– Как зовут того бармена? Того, кто разговаривает только с Симоной? – спросила я у Саши. Я очень старалась говорить небрежно.
Саша принадлежал к нашему небольшому племени бэков. Он обладал какой-то неземной красотой, которая сделала бы его моделью: широкие, инопланетные скулы, яркие синие глаза, чуть припухшие, словно от укуса, надменные губы. Взгляд у него был таким холодным, что сразу становилось понятно, что он повидал все и вся, побывал богатым и бедным, влюбленным и брошенным, убийцей и на волосок от смерти – и ни одно из этих состояний особых восторгов у него не вызвало.
– Бармена? Джейк.
До сих пор я и не слышала, чтобы Саша разговаривал. Он был русским и, хотя явно бегло говорил по-английски, не давал себе труда придерживаться его правил. Акцент у него был элегантный и комичный разом. Нарезая хлеб, он делано закатил глаза.
– О’кей, Полианна, давай-ка расскажу тебе парочку прописных истин. Ты слишком уж новенькая.
– И что это значит?
– А что, по-твоему, это значит? Джейк съест тебя на обед и косточки выплюнет. Ты вообще знаешь, о чем я говорю? После такого уже не попрыгаешь.
Я пожала плечами, будто мне нет дела, продолжая наполнять хлебные корзинки.
– А кроме того. Он мой. Только тронь его, и я горло тебе, мать твою, перережу, помяни мое слово.
– Тишина на кухне! Пошел!
– Беру!
Помидоры были всех цветов: желтые, зеленые, оранжевые, пурпурно-красные, крапчатые, полосатые, пятнистые. Одни напоминали сморщенные головы, и другие готовы были взорваться соком. «Трещали по швам», как называл это Шеф, когда выпуклости и впадины как будто стремились разбежаться. Кухню заполонили странной формы, гадкие с виду помидоры. Они пахли как зеленая внутренность растений, как сок деревьев, как грязь.
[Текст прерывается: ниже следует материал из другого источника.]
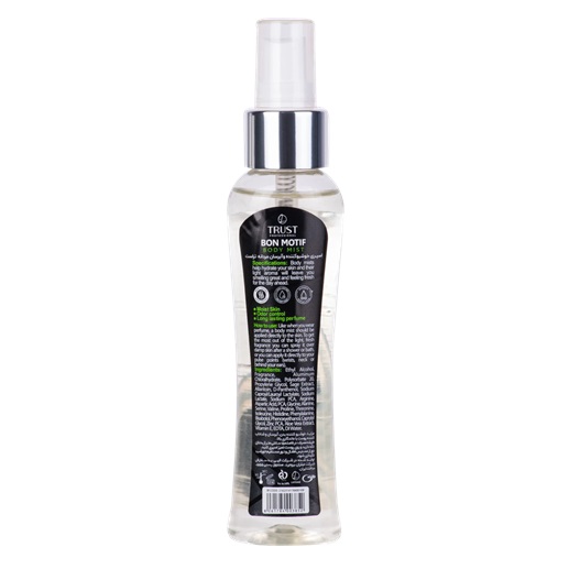 بادی میست مردانه تراست Bon Motif با حجم 100 میل و رایحهای میوهای و خنک به شما ارائه میشود. نتهای اولیه آن شامل ترکیبی تازه از آناناس، انگور سیاه و سیب سبز است و با هم طوری ترکیب شدهاند که حس خنک و میوهای را برای شما ایجاد میکنند.
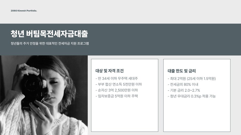 Tags: 청년버팀목전세대출, 청년전세자금대출, 대출조건, 주거안정, 금리, 대출한도, 무주택자, 소득증명서, 상환방법, 정부지원
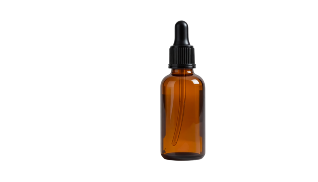 Dark glass dropper bottle with black cap for essential oils serums cosmetics and pharmaceuticals isolated product photography isolated on transparent background
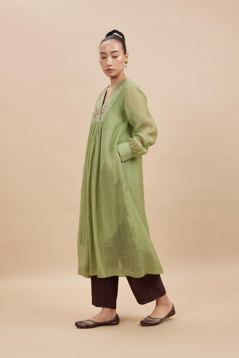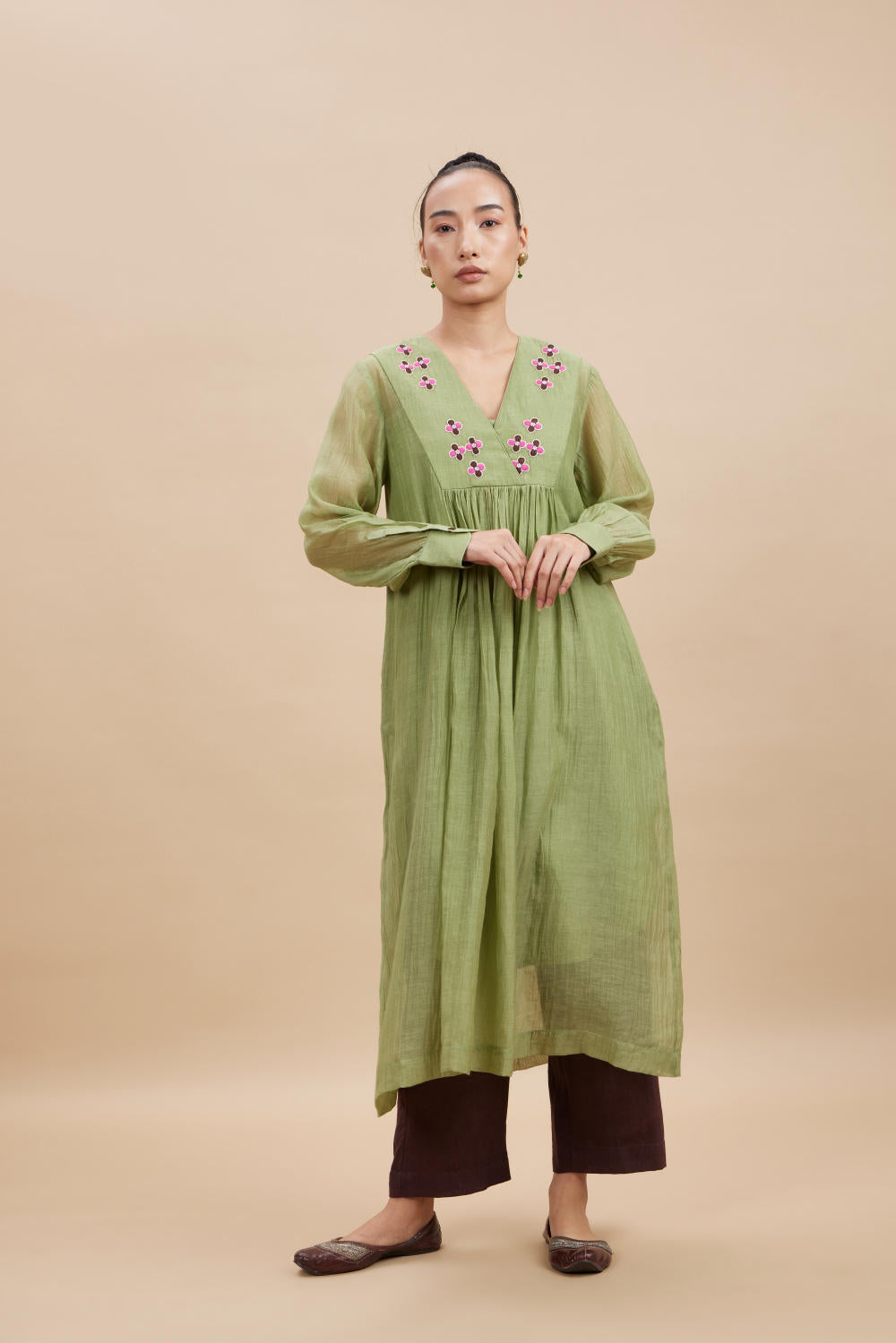 Colour: Pista green & Brown Pants

– Сезон «наследственных», – нараспев произнесла Ариэль.
Она тоже была бэком. Даже в утреннюю смену она вечно накладывала уйму теней для век. Темно-русые волосы у нее буйно вились, она закручивала их в узел на макушке и втыкала в него палочки для еды. Мысленно я все еще называла ее Подлой-Девкой, потому что она отказывалась разговаривать со мной, пока я проходила обучение, только тыкала пальцем и преувеличенно горестно вздыхала. А сегодня она заявилась с ведерком ледяной воды и раздавала из него сочащиеся влагой ручники поварам. Одни повязывали их на головы как банданы, другие вешали себе на шею. Такая доброта была совсем не в духе Подлой-Девки. Если уж на то пошло, я не видела, чтобы кто-то так щедро распоряжался своим запасом ручников. В голове у меня раздалось: «Наш первый принцип заботиться друг о друге».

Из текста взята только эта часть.